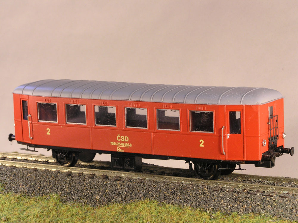 Kompletní model přívěsného vozu Clm46. Barva: červená-žlutý popis
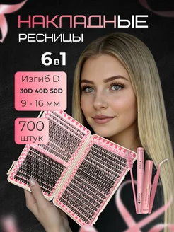 Накладные ресницы Набор пучки 6в1 Изгиб D 700шт
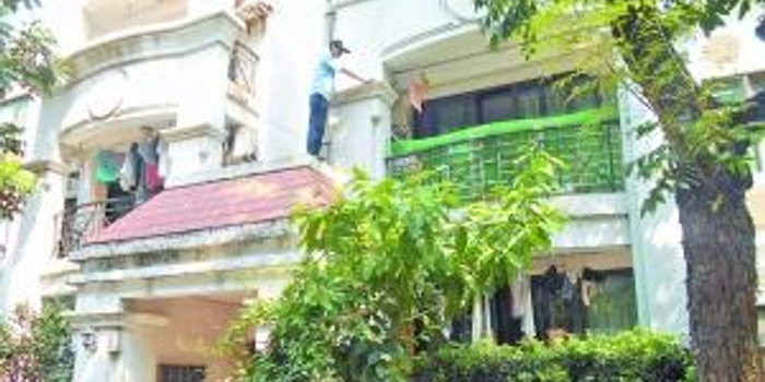 广州日报讯 (全媒体记者 肖桂来摄影报道)近日,番禺区钟村街某小区一户二楼住户阳台电线短路着火,点燃了晒在阳台上的十几件衣服,此时家中并没有人。小区保安及时发现,分工合作,有人拨打119,有人抬梯,有人拿灭火器,有人搭水喷射。最终火势得到控制,没有烧到室内。等住户赶回现场时,火已被扑灭。
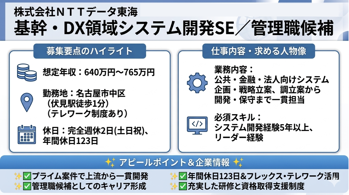 ▼上流工程から運用まで一貫して担当できます ▼管理職候補としてキャリアアップが可能です ▼東海の社会基盤を支えるITに携われます
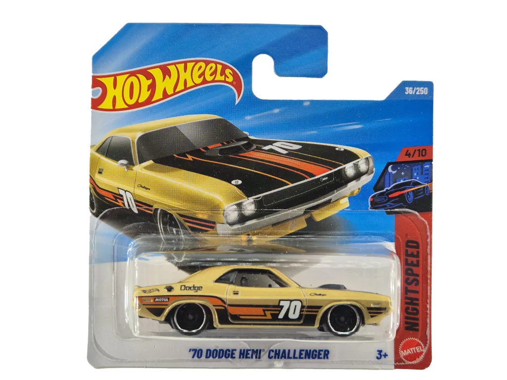 A Hot Wheels ’70 Dodge Hemi Challenger – Night Speed 4/10 (36/250) a klasszikus amerikai izomautók egyik legismertebb darabját hozza el 1:64-es méretarányban. A karakteres Challenger forma és a legendás HEMI örökség erőt sugárzó megjelenést biztosít. A Night Speed sorozat a modern, sötét hangulatú utcai stílust emeli ki, ezért különösen népszerű a gyűjtők körében. Bliszteres kivitelben érkezik, ideális választás Hot Wheels- és muscle car rajongóknak.
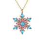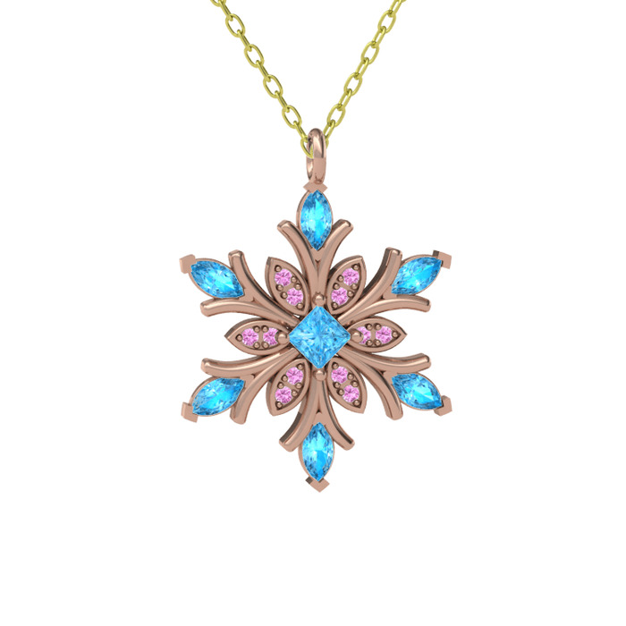 Akuamarin ve pembe kuvars 18 ayar rose altın kolye (40 cm altın rolo zincir)

YOUR OBJECTIVE
For this step, transcribe all the material above exactly and drop the images.

OUTPUT FOR THIS EXERCISE
 Kompletní model přívěsného vozu Clm46. Barva: červená-žlutý popis
 Накладные ресницы Набор пучки 6в1 Изгиб D 700шт
 广州日报讯 (全媒体记者 肖桂来摄影报道)近日,番禺区钟村街某小区一户二楼住户阳台电线短路着火,点燃了晒在阳台上的十几件衣服,此时家中并没有人。小区保安及时发现,分工合作,有人拨打119,有人抬梯,有人拿灭火器,有人搭水喷射。最终火势得到控制,没有烧到室内。等住户赶回现场时,火已被扑灭。
 ▼上流工程から運用まで一貫して担当できます ▼管理職候補としてキャリアアップが可能です ▼東海の社会基盤を支えるITに携われます
 A Hot Wheels ’70 Dodge Hemi Challenger – Night Speed 4/10 (36/250) a klasszikus amerikai izomautók egyik legismertebb darabját hozza el 1:64-es méretarányban. A karakteres Challenger forma és a legendás HEMI örökség erőt sugárzó megjelenést biztosít. A Night Speed sorozat a modern, sötét hangulatú utcai stílust emeli ki, ezért különösen népszerű a gyűjtők körében. Bliszteres kivitelben érkezik, ideális választás Hot Wheels- és muscle car rajongóknak.
 Akuamarin ve pembe kuvars 18 ayar rose altın kolye (40 cm altın rolo zincir)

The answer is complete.